EXERCISE BRIEF – Only some lines are wanted: please transcribe exactly those from the one containing "これだけの人数になりますと、" through the end of the data, pictures excluded.

COLLECTED DATA –
-=-=-=-=-
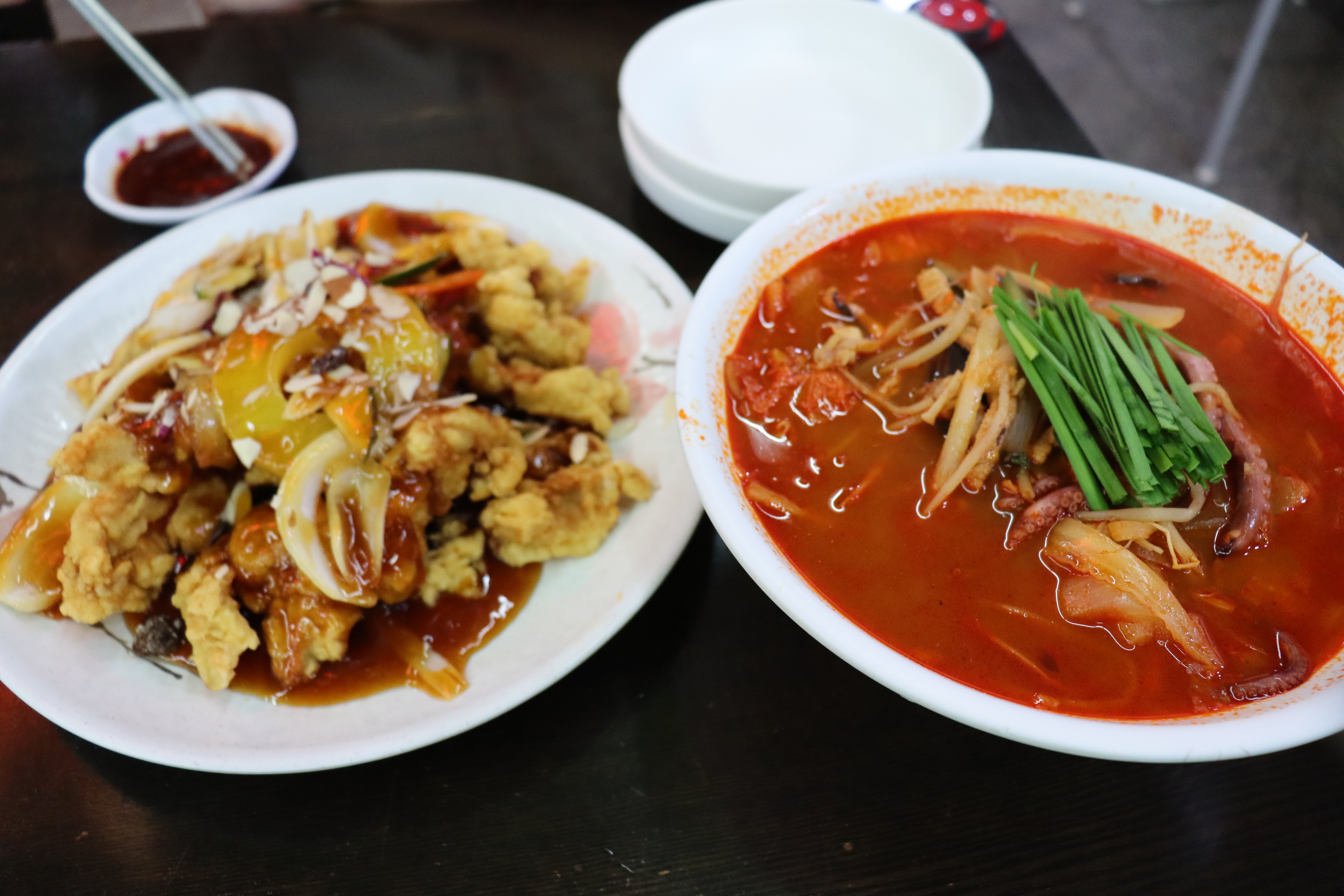 넓은 주차공간에 주린 배를 이끌고 올초에 처음 찾아갔던 집인데,, 볶음밥 먹으러 갔다가 짬뽕 한젓가락 먹고 한그릇 시켜먹은 이후로 아직까지 이 곳에 짬뽕을 먹으러 올지 생각도 못했다. (신신반점 덕분에 짬뽕의 참 맛을 느낌!) 보통 다른 중식집에 가면 한결같이 볶음밥을 먹는 편이라 짬뽕을 먹으러 여기까지 매번 올지 생각도 못했다. 항상 기본적인 음식 가장 좋아한다. 이번에도 기본 짬뽕을 하나 시키고 탕수육도 하나 시켰다. 역시 이 조합은 식사의 완성! 이지 않은가! 이곳은 아주 넓은 식사공간이 있어 밥을 먹으면서도 주변 소음에 식사의 흐름을 뺏기지 않는다는 장점이 있다. 이날은 신신반점에서 먹어보지 않았던 짜장면도 한번 시켜보았다.
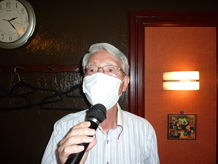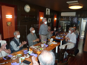 これだけの人数になりますと、従来ではA・B班に分けて実施をしておりましたが、感染状況も若干緩んできている状況を踏まえ、一堂に会しての集会とさせて頂きました。もちろん、飲食時以外には従来通り全員マスク装着です。また、今まで休会されていた方も久し振りに参加され、各自4曲ずつ歌い合ってとても賑やかな例会となりました。
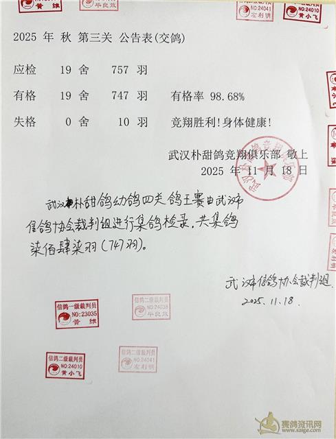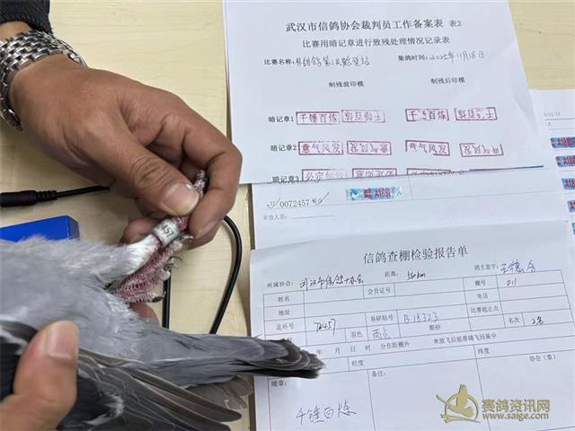 本场比赛由武汉市信鸽协会裁判组全程监赛,鸿飞赛鸽传媒全程网络视频直播,工作人员工作严谨熟练:足环信息——核对无误!羽色特征 —确认清晰!暗记印章——精准落位!入笼登记——同步完成!环环相扣,一丝不苟,用专业与细致为赛鸽勇士的公平竞翔保驾护航!
-=-=-=-=-
YOUR RESPONSE –
 これだけの人数になりますと、従来ではA・B班に分けて実施をしておりましたが、感染状況も若干緩んできている状況を踏まえ、一堂に会しての集会とさせて頂きました。もちろん、飲食時以外には従来通り全員マスク装着です。また、今まで休会されていた方も久し振りに参加され、各自4曲ずつ歌い合ってとても賑やかな例会となりました。
 本场比赛由武汉市信鸽协会裁判组全程监赛,鸿飞赛鸽传媒全程网络视频直播,工作人员工作严谨熟练:足环信息——核对无误!羽色特征 —确认清晰!暗记印章——精准落位!入笼登记——同步完成!环环相扣,一丝不苟,用专业与细致为赛鸽勇士的公平竞翔保驾护航!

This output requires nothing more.